Whence then the death of tragedy?
Some blame the decline of verse drama as the culprit behind the disappearance of tragedy. Dramatic prose worked pretty well, but verse seemed too close to an unconscious parody or deliberate imitation of Elizabethan and Jacobean blank verse. These flaws are obviously manifest in even the talented dramatists like Knowles, Keats, Tennyson, Browning, and Swinburne.

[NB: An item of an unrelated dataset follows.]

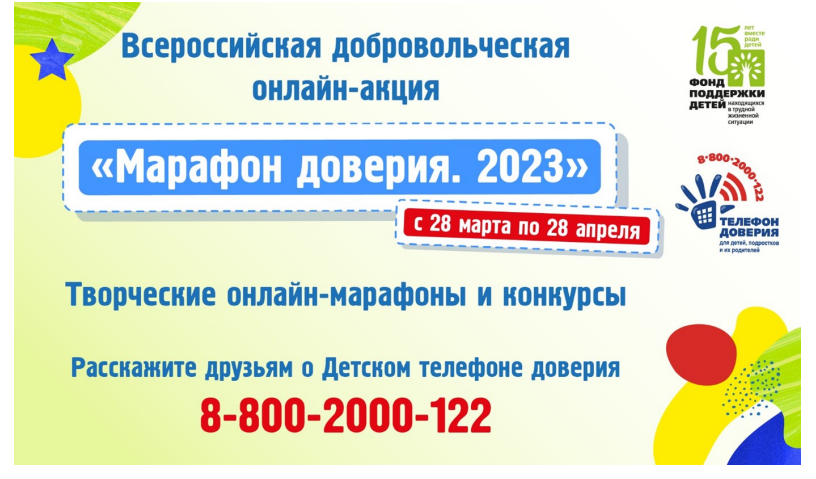 Опубликовано: 28.03.2023Уже 13 лет в России работает служба экстренной психологической помощи для детей и подростков. Телефон доверия 8-800-2000-122 — это бесплатная анонимная служба и один из важнейших проектов Фонда поддержки детей, находящихся в трудной жизненной ситуации. Ежедневно консультанты принимают сотни звонков, оказывают поддержку здесь и сейчас, а дети открыто говорят о том, что беспокоит. 17 мая празднуется Международный день Детского телефона доверия. К сожалению, далеко не все знают о существовании такой помощи. На смену повзрослевшим подросткам приходят новые юные абоненты, которые могут быть не знакомы со всероссийским проектом. Фонд поддержки детей, находящихся в трудной жизненной ситуации, совместно с Департаментом социального развития Тюменской области и партнерами в регионах организовали Всероссийскую добровольческую онлайн-акцию «Марафон доверия. 2023», которая пройдет с 28 марта по 28 апреля. Участников ждут интересные творческие онлайн-марафоны и конкурсы: фотоконкурс «Я знаю номер Детского телефона доверия», конкурс рисунков и масштабный флешмоб «Добрые дела». По итогам будет определен регион-победитель, жители которого наиболее активно включились в работу. Присоединяйтесь к акции в группе ВКонтакте (указать ссылку на вашу группу) и поддержите (здесь указать свою область) область!

If tragedy is analyzed as the reflection or expression of the inner nature of man, how he views the universe, his role in society or era, then the concept of tragedy has dramatically changed from the sixteenth century. The tone and the scope of tragedy has changed – where you usually had the king or queen, you now have the grief or misery of the ordinary person: the mother, the peasant, the tramp, and etcetera. There are elements of tragedy in existentialism, where tragedy is an authentic experience (Jean Paul-Sartre’s plays). Moreover, the modern-day dramatist often tries to express the wretchedness of man in understatements, sometimes by silence. In the place of articulate, deep and self-conscious farewell speeches of an Othello, we get the nearly inarticulate rambling of Davies in Pinter’s “The Caretaker,” where he falls into a protracted silence.